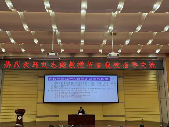 1122上午,南京大学长江产业经济研究院刘志彪院长在会议中心思睿厅作题为全国统一大市场与新发展格局的学术报告。讲座前,校长刘建平与刘志彪教授进行了座谈,主要就学科建设、智库建设等进行了交流,并对刘志彪教授的到来表示欢迎和感谢。报告由伟德国际victor1946副院长程时雄教授主持,伟德国际victor1946党委书记邵俊青、相关学科专业老师、学生等百余人参加本次讲座。
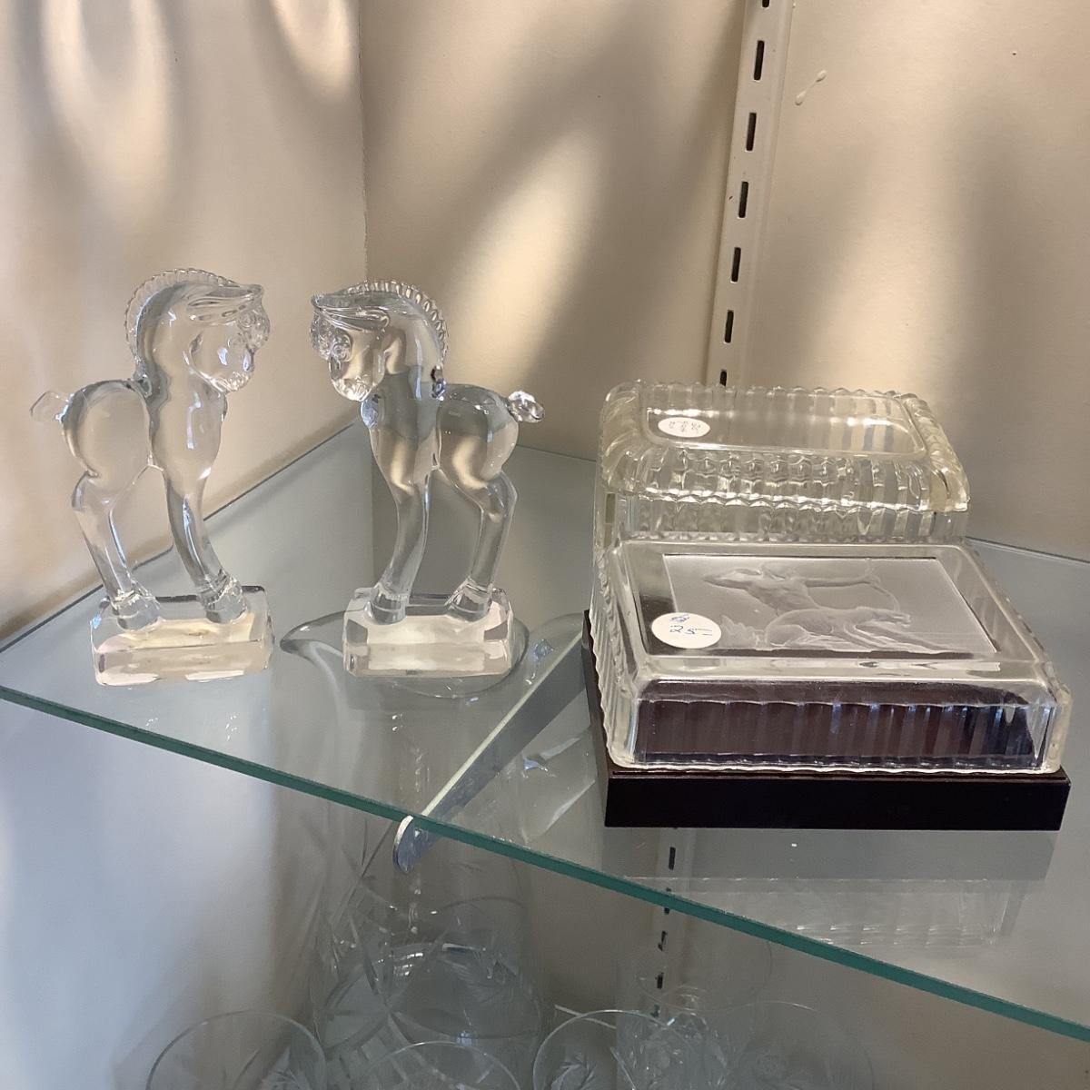 629 Pair of Heisey Standing Pony Figures with Two Glass Covered Boxes
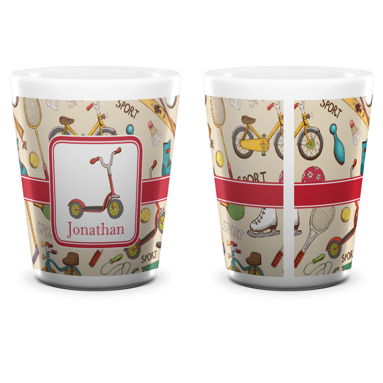 Made from ceramic these shot glasses are printed in full color with the design of your choice. These are a standard 1.5oz size and stand 2.25" tall. Available in a full white ceramic or a two-tone with a black color inside the shot glass. Buy a single or a set of 4, all of which can be designed separately to get you just what you want and need.
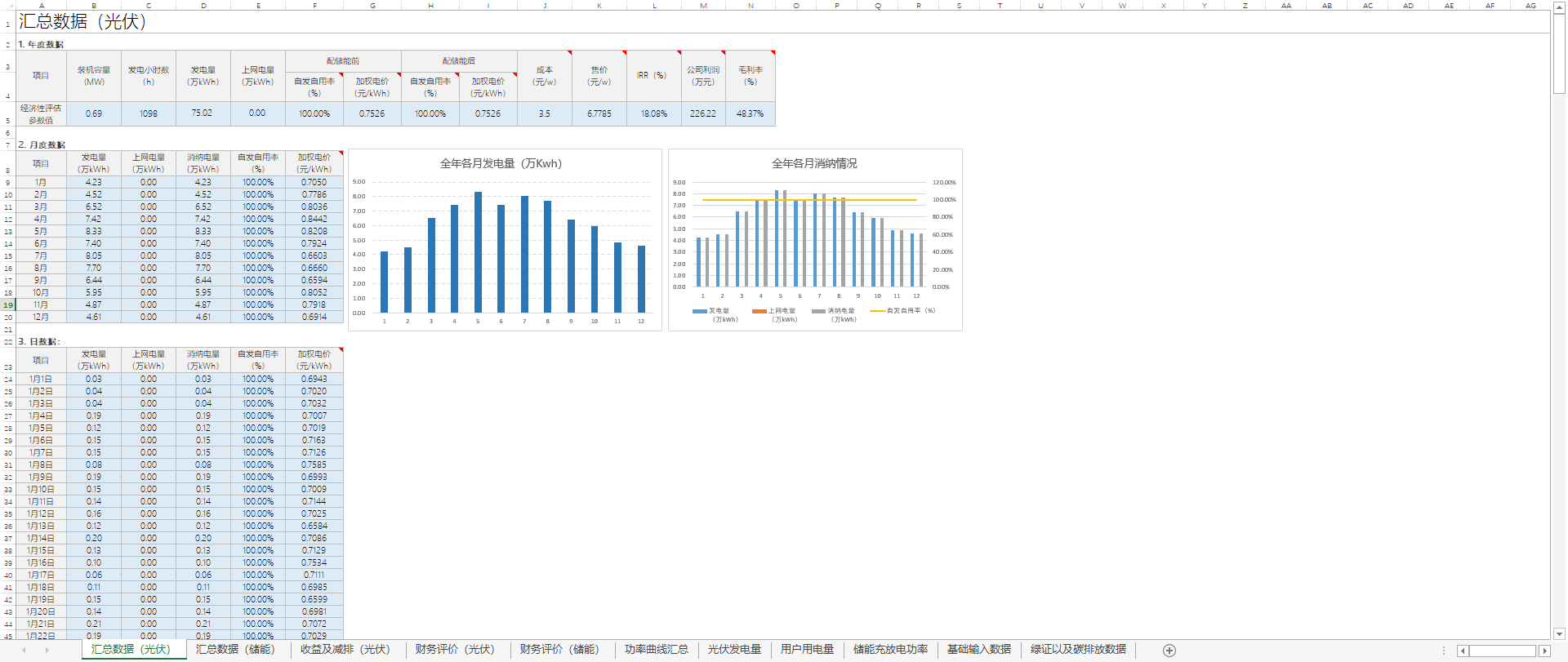 在测算结果页面点击 “导出表格” 可导出财务测算一览表,表中有“汇总数据”、“收益及减排”、“财务评价指标”等数据可供查看。
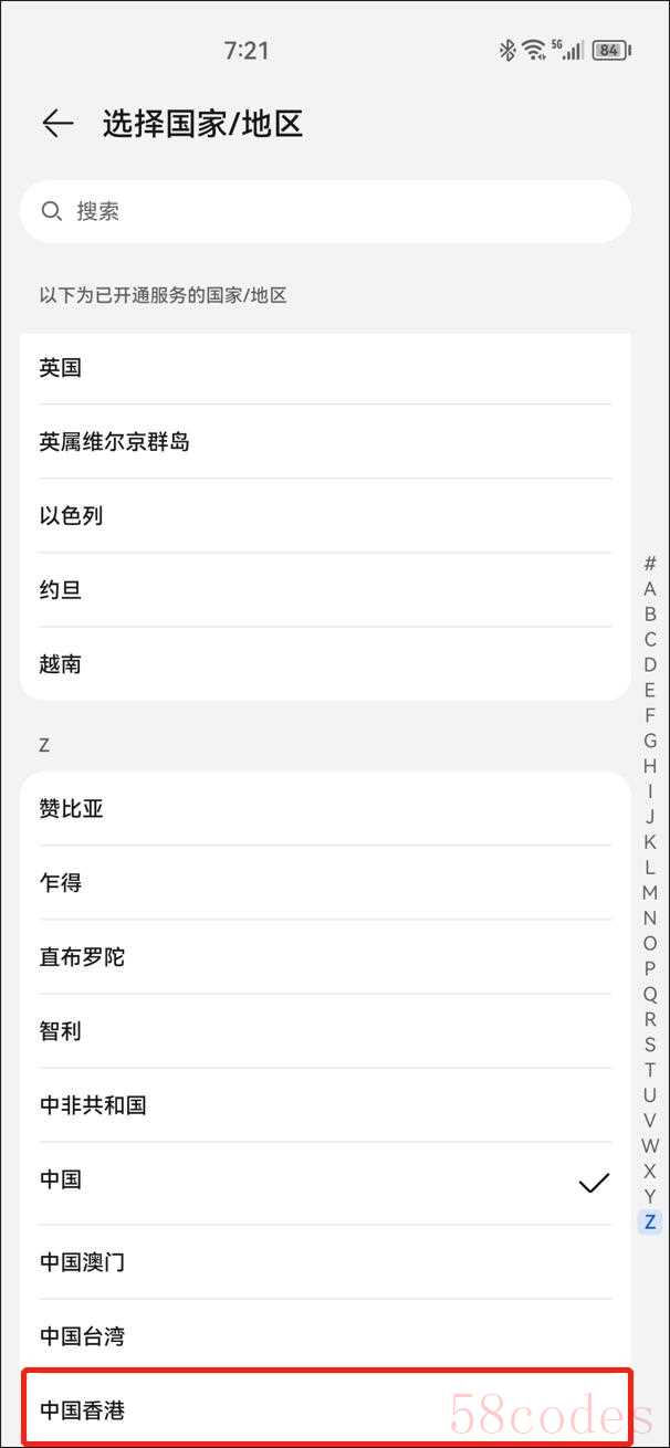 在“选择国家/地址”里面,我们选择“中国香港”。
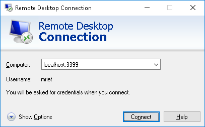 Start Remote Desktop Connection Connect to localhost:3399
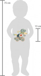 Dinozaurul oferă joc cu deplasare pe roți și un labirint interactiv cu mărgele, care dezvoltă abilitățile motrice fine și grosiere ale copiilor.
* * * * * * *
## The problem:
From the first line of the records through the line with "Start Remote Desktop", reproduce each line exactly and leave the pictures out.

## Answer area:
 1122上午,南京大学长江产业经济研究院刘志彪院长在会议中心思睿厅作题为全国统一大市场与新发展格局的学术报告。讲座前,校长刘建平与刘志彪教授进行了座谈,主要就学科建设、智库建设等进行了交流,并对刘志彪教授的到来表示欢迎和感谢。报告由伟德国际victor1946副院长程时雄教授主持,伟德国际victor1946党委书记邵俊青、相关学科专业老师、学生等百余人参加本次讲座。
 629 Pair of Heisey Standing Pony Figures with Two Glass Covered Boxes
 Made from ceramic these shot glasses are printed in full color with the design of your choice. These are a standard 1.5oz size and stand 2.25" tall. Available in a full white ceramic or a two-tone with a black color inside the shot glass. Buy a single or a set of 4, all of which can be designed separately to get you just what you want and need.
 在测算结果页面点击 “导出表格” 可导出财务测算一览表,表中有“汇总数据”、“收益及减排”、“财务评价指标”等数据可供查看。
 在“选择国家/地址”里面,我们选择“中国香港”。
 Start Remote Desktop Connection Connect to localhost:3399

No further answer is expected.